== Segment start ==
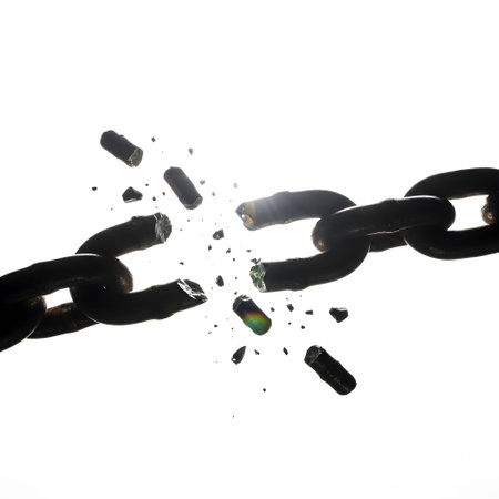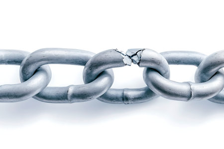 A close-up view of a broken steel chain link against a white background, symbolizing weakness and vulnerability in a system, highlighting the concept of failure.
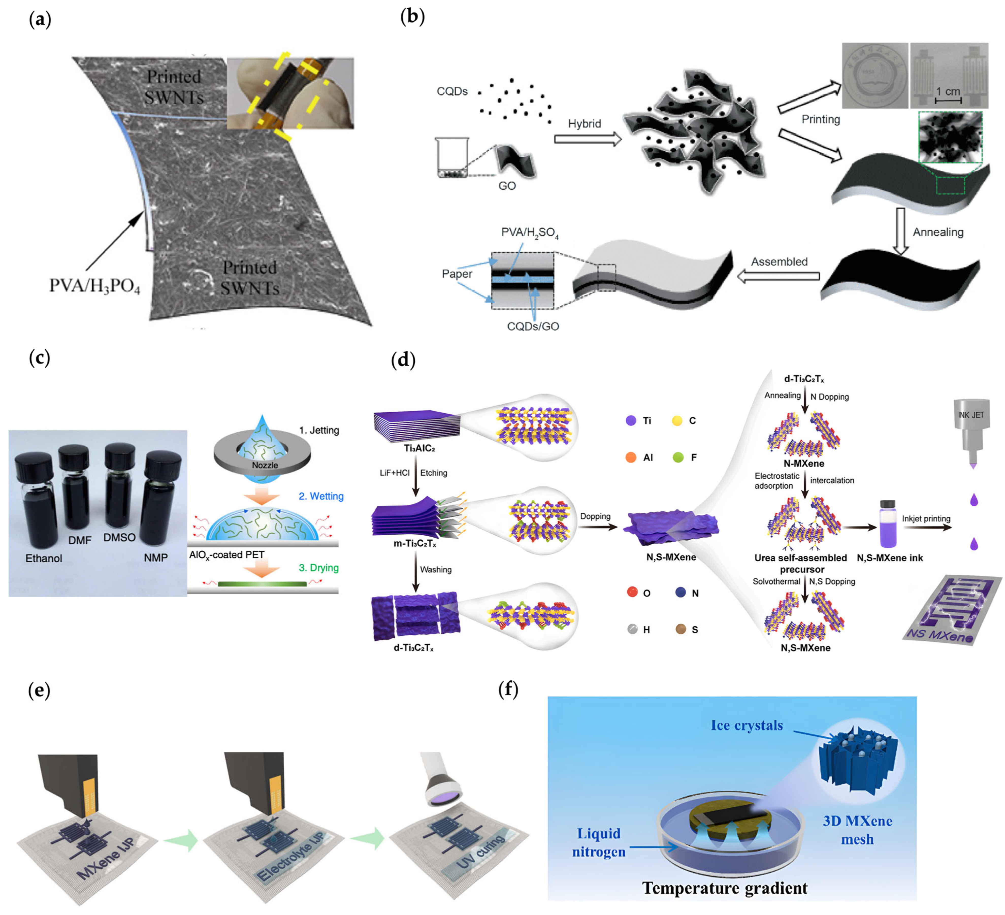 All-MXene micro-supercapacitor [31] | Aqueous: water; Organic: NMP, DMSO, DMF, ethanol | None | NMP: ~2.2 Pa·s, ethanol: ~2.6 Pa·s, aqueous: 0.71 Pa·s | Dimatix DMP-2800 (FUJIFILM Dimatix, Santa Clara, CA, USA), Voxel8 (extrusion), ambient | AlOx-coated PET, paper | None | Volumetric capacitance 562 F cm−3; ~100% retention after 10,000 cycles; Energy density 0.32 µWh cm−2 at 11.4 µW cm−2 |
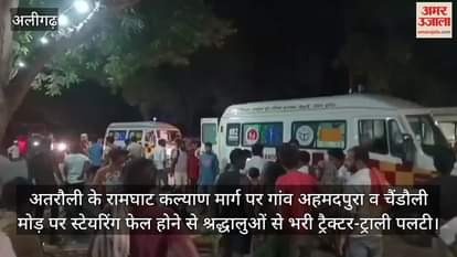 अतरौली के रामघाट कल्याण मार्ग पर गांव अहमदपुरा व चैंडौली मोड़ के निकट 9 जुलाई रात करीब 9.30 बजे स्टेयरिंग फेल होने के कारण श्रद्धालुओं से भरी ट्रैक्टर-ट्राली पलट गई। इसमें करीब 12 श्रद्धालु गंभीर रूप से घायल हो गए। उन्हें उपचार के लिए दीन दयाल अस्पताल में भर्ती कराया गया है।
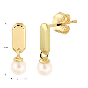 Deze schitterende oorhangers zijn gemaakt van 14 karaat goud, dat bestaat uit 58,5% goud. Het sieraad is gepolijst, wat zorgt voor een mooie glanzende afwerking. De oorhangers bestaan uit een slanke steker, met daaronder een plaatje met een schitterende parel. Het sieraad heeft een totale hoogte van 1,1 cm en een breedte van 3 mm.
== Segment end ==
* **What is required**
Exactly as written, reproduce the lines from the beginning of the material through the line with "All-MXene micro-supercapacitor [31]", and skip any picture.

* **Solution**
 A close-up view of a broken steel chain link against a white background, symbolizing weakness and vulnerability in a system, highlighting the concept of failure.
 All-MXene micro-supercapacitor [31] | Aqueous: water; Organic: NMP, DMSO, DMF, ethanol | None | NMP: ~2.2 Pa·s, ethanol: ~2.6 Pa·s, aqueous: 0.71 Pa·s | Dimatix DMP-2800 (FUJIFILM Dimatix, Santa Clara, CA, USA), Voxel8 (extrusion), ambient | AlOx-coated PET, paper | None | Volumetric capacitance 562 F cm−3; ~100% retention after 10,000 cycles; Energy density 0.32 µWh cm−2 at 11.4 µW cm−2 |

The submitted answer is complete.